(Information supplied begins)

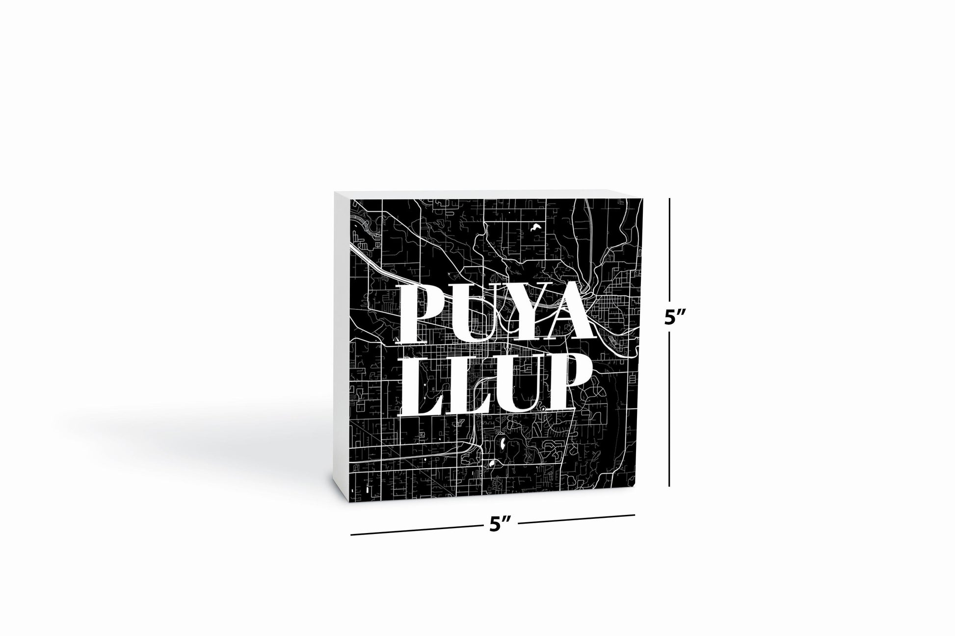 Minimalistic B&W Washington Puyallup Map | Wood Block | Eaches | Min 4
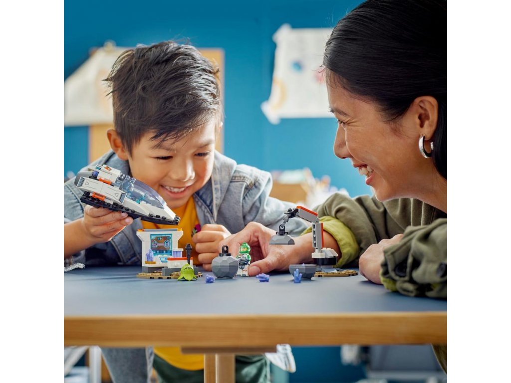 Přidejte se ke svým malým astronautům na dobrodružství z jiného světa díky této stavebnici 60429 LEGO® City Vesmírná loď a objev asteroidu. Součástí stavebnice je hračka vesmírné lodě, 2 scenérie povrchu asteroidu s laboratoří a oblastí vykopávek s jeřábem. Stačí přidat 2 minifigurky vesmírné posádky, figurku mimozemšťana a meteorit bohatý na krystaly a nápadité hraní a vyprávění příběhů může začít.
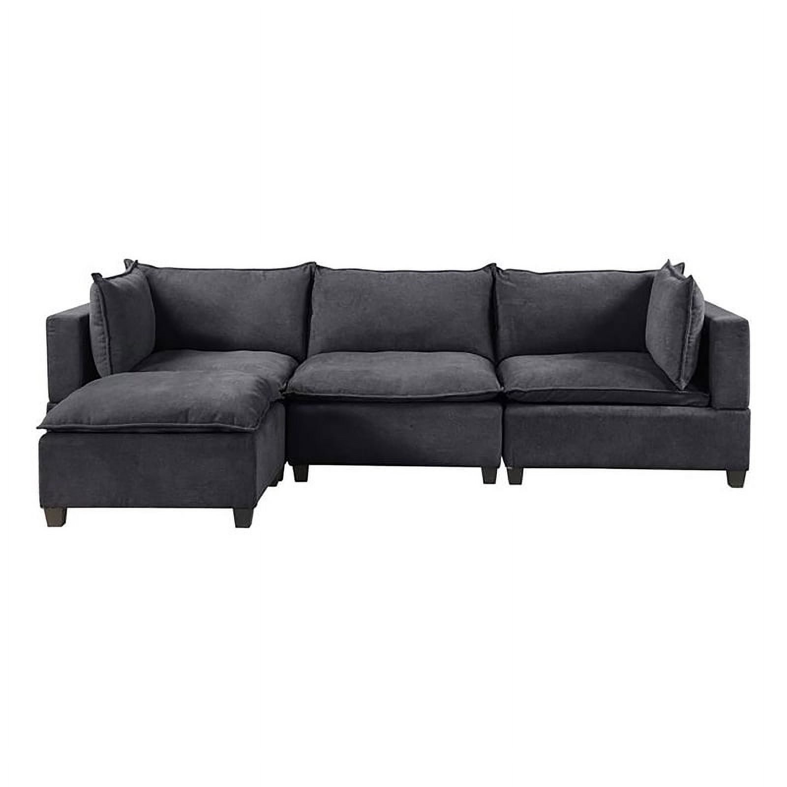 Bowery Hill Modern Fabric Reversible Sectional Sofa Ottoman in Dark Gray
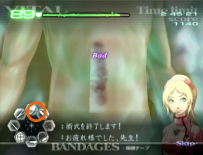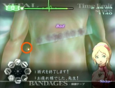 トーク待ちはゲーム全体を通して度々発生します。縫合の糸の操作や注射の最中などでも操作がキャンセルされてしまいます。トーク待ちを忘れているとプレイのテンポが崩されてしまうので、念頭においてプレイしましょう。

(Information supplied ends)

### Task to complete
Set the listing down verbatim, excluding pictures.

### Exercise response
 Minimalistic B&W Washington Puyallup Map | Wood Block | Eaches | Min 4
 Přidejte se ke svým malým astronautům na dobrodružství z jiného světa díky této stavebnici 60429 LEGO® City Vesmírná loď a objev asteroidu. Součástí stavebnice je hračka vesmírné lodě, 2 scenérie povrchu asteroidu s laboratoří a oblastí vykopávek s jeřábem. Stačí přidat 2 minifigurky vesmírné posádky, figurku mimozemšťana a meteorit bohatý na krystaly a nápadité hraní a vyprávění příběhů může začít.
 Bowery Hill Modern Fabric Reversible Sectional Sofa Ottoman in Dark Gray
 トーク待ちはゲーム全体を通して度々発生します。縫合の糸の操作や注射の最中などでも操作がキャンセルされてしまいます。トーク待ちを忘れているとプレイのテンポが崩されてしまうので、念頭においてプレイしましょう。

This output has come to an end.